On March 17, 2026, US regulators issued the most significant crypto ruling in history. Here's exactly what changed — and what it means for European investors.
For ten years, crypto investors and builders operated under constant legal uncertainty in the US. The SEC argued most tokens were securities. The CFTC argued they were commodities. Courts handed down contradictory rulings. Institutional money sat on the sidelines.
On March 17, 2026, that changed. The SEC and CFTC published a joint 68-page interpretive release that formally classifies 16 major crypto assets as digital commodities — and explicitly says most crypto is not securities. The ruling takes effect immediately upon publication in the Federal Register.
These 16 crypto assets are now officially classified as digital commodities under US federal law, subject to CFTC jurisdiction rather than SEC enforcement:
The ruling establishes a formal taxonomy of five categories for all digital assets:
| Category | Definition | Examples | Regulated By |
|---|---|---|---|
| Digital Commodities | Decentralised assets whose value comes from the network, not a central issuer | BTC, ETH, SOL, XRP | CFTC |
| Digital Securities | Traditional securities issued on blockchain | Tokenised stocks, bonds | SEC |
| Stablecoins | Assets pegged to fiat or commodities | USDT, USDC, DAI | CFTC + Treasury |
| Digital Collectibles | NFTs and unique digital items | NFTs, gaming assets | Limited regulation |
| Digital Tools | Utility tokens for accessing services | Protocol tokens | Case-by-case |
The ruling explicitly confirms that staking, mining, airdrops, and token wrapping fall outside securities law. This is a major win for European stakers — there is no longer any US legal ambiguity around earning yield by staking ETH, SOL, ADA or other classified commodities.
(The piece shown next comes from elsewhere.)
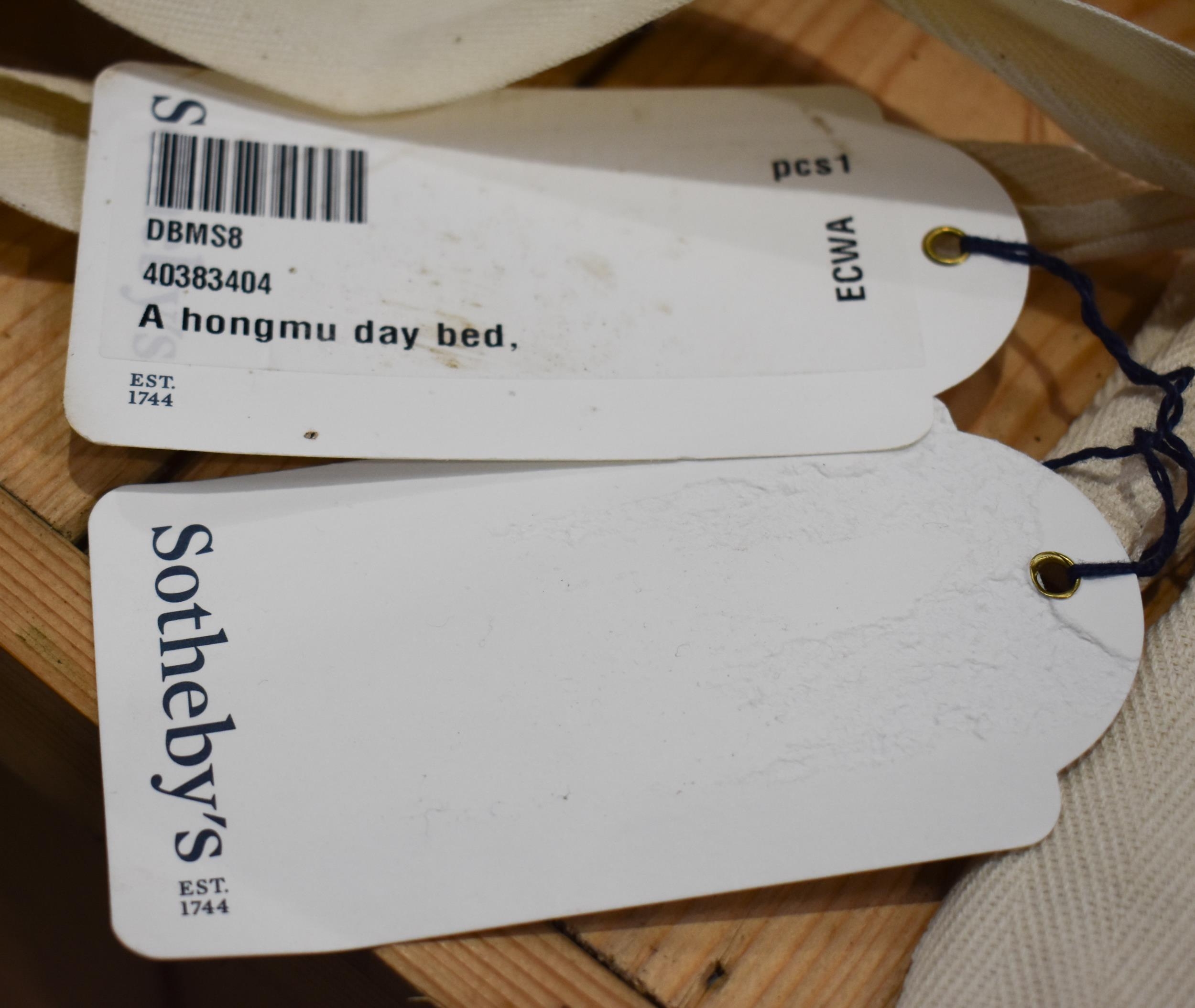 A FINE AND LARGE CHINESE QING DYNASTY CARVED HONGMU DAY BED Ex Sotheby's, of monumental proportions. 230 cm x 165 cm x 55 cm.

The framework introduces a dynamic classification — a token may be sold initially as a security (via an ICO with profit promises) but can transition to a commodity status as the network becomes genuinely decentralised. This is a forward-thinking approach that gives new projects a clear path to regulatory normalisation.
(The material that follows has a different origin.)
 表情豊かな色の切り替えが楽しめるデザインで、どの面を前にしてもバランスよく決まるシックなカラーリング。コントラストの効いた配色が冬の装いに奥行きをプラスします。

SEC Chairman Paul Atkins stated at the DC Blockchain Summit: "We're not the securities and everything commission anymore." The ruling replaces a decade of "regulation by enforcement" under former Chairman Gary Gensler with principles-based guidance.
The ruling is US law and does not directly apply to European investors. However, its indirect effects on European markets are significant:
Pension funds, insurance companies, and institutional fund managers that required definitive legal clarity before allocating to crypto beyond BTC and ETH now have that clarity for 16 assets. This institutional capital flowing into the market benefits all investors globally, including Europeans.
Before the ruling, spot crypto ETFs existed for only Bitcoin and Ethereum. The commodity classification removes the primary regulatory barrier for spot ETF filings on all 16 named assets. Over 90 crypto ETF applications were pending — these will now move through approval. European investors will gain access to these products through European markets as they list globally.
Europe's MiCA regulation already treats Bitcoin and Ethereum as crypto-assets (not securities) subject to lighter regulation. The US ruling now aligns with MiCA's framework for these assets, creating a more coherent global regulatory picture. This reduces the risk of conflicting rules for European exchanges and investors.
The explicit confirmation that staking is not a securities transaction in the US reinforces similar positions taken by EU regulators under MiCA. European investors staking ETH, SOL, or ADA on platforms like Kraken, Bitvavo, or Binance have additional legal certainty about the nature of their activity.
What hasn't changed for EU investors: MiCA still governs how exchanges and crypto-asset service providers operate in Europe. Tax obligations in your country remain unchanged — profits on the 16 classified commodities are still subject to your national capital gains tax rules. Use Koinly to track transactions and generate tax reports.
The ruling is an interpretive release — not a statute. The CLARITY Act (H.R. 3633) would codify this taxonomy into federal law, making it impossible to reverse without Congressional action. The bill passed the US House 294-134 in July 2025 and cleared the Senate Agriculture Committee in January 2026. Senate Banking Committee markup is the next required step, with prediction markets giving it approximately 72% odds of becoming law in 2026.
The SEC has also indicated that additional rulemaking with more detailed guidance is expected within weeks. Further assets may be added to the commodity classification as networks prove their decentralisation.
Editor's view: This ruling is unambiguously positive for crypto investors globally. A decade of legal uncertainty in the world's largest capital market is now largely resolved. The institutional floodgates that have been partially open since Bitcoin and Ethereum ETFs launched are now open for 16 assets. The long-term implications for adoption, liquidity, and price discovery are significant.